With the pictures left out, retype exactly the lines below starting at the line that contains "Tổng thống Mỹ" and ending at the line that contains "- Scale & Profitability: Disney’s".

- Exercise data -
= = = =
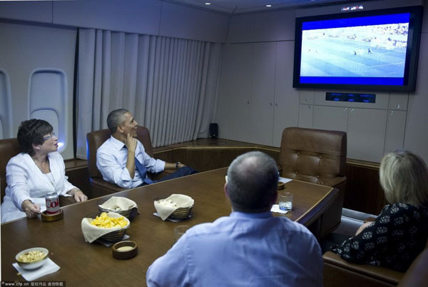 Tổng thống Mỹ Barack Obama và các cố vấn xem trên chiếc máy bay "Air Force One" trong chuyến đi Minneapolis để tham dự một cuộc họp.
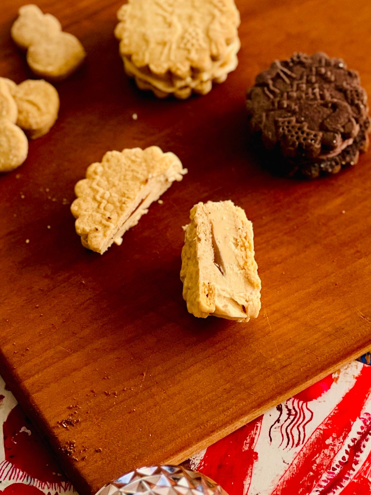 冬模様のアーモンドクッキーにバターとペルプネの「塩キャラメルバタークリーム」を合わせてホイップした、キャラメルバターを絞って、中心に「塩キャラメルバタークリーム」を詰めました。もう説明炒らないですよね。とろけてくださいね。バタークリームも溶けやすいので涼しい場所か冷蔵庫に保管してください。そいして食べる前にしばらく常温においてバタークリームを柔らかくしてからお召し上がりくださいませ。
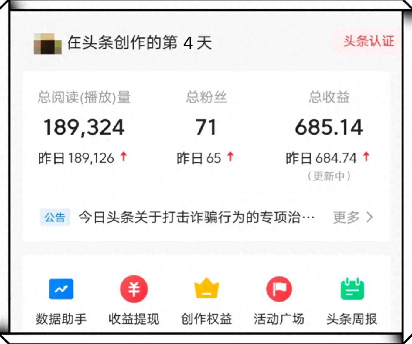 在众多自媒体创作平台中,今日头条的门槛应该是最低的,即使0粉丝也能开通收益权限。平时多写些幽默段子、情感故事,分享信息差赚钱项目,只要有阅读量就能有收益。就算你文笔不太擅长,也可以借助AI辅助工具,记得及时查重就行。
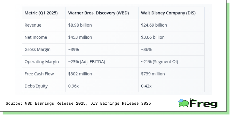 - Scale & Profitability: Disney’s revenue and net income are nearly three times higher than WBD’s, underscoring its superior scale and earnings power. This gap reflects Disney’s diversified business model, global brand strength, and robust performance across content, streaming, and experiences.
= = = =
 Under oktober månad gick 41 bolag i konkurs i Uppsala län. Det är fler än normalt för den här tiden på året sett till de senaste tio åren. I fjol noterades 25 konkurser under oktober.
= = = =
- Result of the exercise -
 Tổng thống Mỹ Barack Obama và các cố vấn xem trên chiếc máy bay "Air Force One" trong chuyến đi Minneapolis để tham dự một cuộc họp.
 冬模様のアーモンドクッキーにバターとペルプネの「塩キャラメルバタークリーム」を合わせてホイップした、キャラメルバターを絞って、中心に「塩キャラメルバタークリーム」を詰めました。もう説明炒らないですよね。とろけてくださいね。バタークリームも溶けやすいので涼しい場所か冷蔵庫に保管してください。そいして食べる前にしばらく常温においてバタークリームを柔らかくしてからお召し上がりくださいませ。
 在众多自媒体创作平台中,今日头条的门槛应该是最低的,即使0粉丝也能开通收益权限。平时多写些幽默段子、情感故事,分享信息差赚钱项目,只要有阅读量就能有收益。就算你文笔不太擅长,也可以借助AI辅助工具,记得及时查重就行。
 - Scale & Profitability: Disney’s revenue and net income are nearly three times higher than WBD’s, underscoring its superior scale and earnings power. This gap reflects Disney’s diversified business model, global brand strength, and robust performance across content, streaming, and experiences.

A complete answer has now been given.